6 Schedule K provides, so far as is relevant:
- Application of code
- 1 This code of conduct applies to any expert engaged to:
- (a) provide a report as to his or her opinion for use as evidence in proceedings or proposed proceedings, or
(b) give opinion evidence in proceedings or proposed proceedings.
- General Duty to the Court
- 2 An expert witness has an overriding duty to assist the Court impartially on matters relevant to the expert’s area of expertise.
- 3 An expert witness’s paramount duty is to the Court and not to the person retaining the expert.
- 4 An expert witness is not an advocate for a party.
7 The gist of the plaintiffs’ argument was that, in the context of Pt 36 r 13C and Schedule K, the dominant purpose of communications with an expert witness is to assist the court and not the provision to the client of professional legal services.
8 Assistance to the court must be the witness’s dominant purpose in providing an opinion for use in the proceedings. But the purpose of communications between the party’s legal representatives and the witness is nonetheless predominantly to assist the party. That is because the predominant purpose of such communications is to bring forward expert evidence in aid of the party. But for that purpose, the communications would not be entered into at all. The fact that the witness is constrained to assist the court and to be impartial does not displace that purpose.
9 The plaintiffs’ argument fails to recognise the adversarial nature of the proceedings. No party is under an obligation to adduce expert evidence to assist the court.

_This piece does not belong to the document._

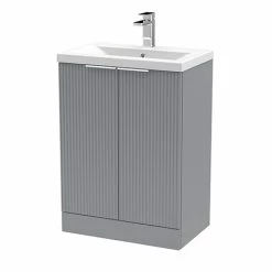 Venice Fluted 600mm Grey 2 Door Floor Standing Vanity Unit with Chrome Handles

No expert is obliged to provide evidence to assist the court. (Experts are not amenable to the coercive power of the court to compel their attendance at court.) The court receives the benefit of assistance from an expert only if it suits a party to adduce such evidence. (That is, unless the court itself appoints an expert witness: rarely done, and not relevant for the present case.) The witness’s evidence must be impartial, but communications with a view to securing and facilitating the provision of such evidence are entered into for the purpose of assisting the party, not for the purpose of assisting the court. To suggest otherwise fails to recognise this reality.
10 The position at common law is clear and entrenched. Communications with a potential witness are protected by legal professional privilege. One would need a clear expression of legislative intent before the common law was taken to be abrogated in relation to expert witnesses. No such expression of intent is to be found in the rules or in s119.
11 The broader implications of the plaintiffs’ argument also work to defeat it. At common law, legal professional privilege attaches to communications with any prospective witness. A lay witness is bound to tell the truth. Honest lay evidence is of no less assistance to the court than honest expert evidence. The plaintiffs’ argument would, therefore, apply equally to communications with a prospective lay witness. The argument accordingly runs against the common law principle in relation to witnesses generally, expert and lay alike. It is all or nothing. No intent to abolish the principle altogether can be found in the rules or in the Evidence Act.
12 For these reasons, the fact that the documents related to communications between the defendants’ legal representatives and a prospective expert witness did not negate the claim for legal professional privilege.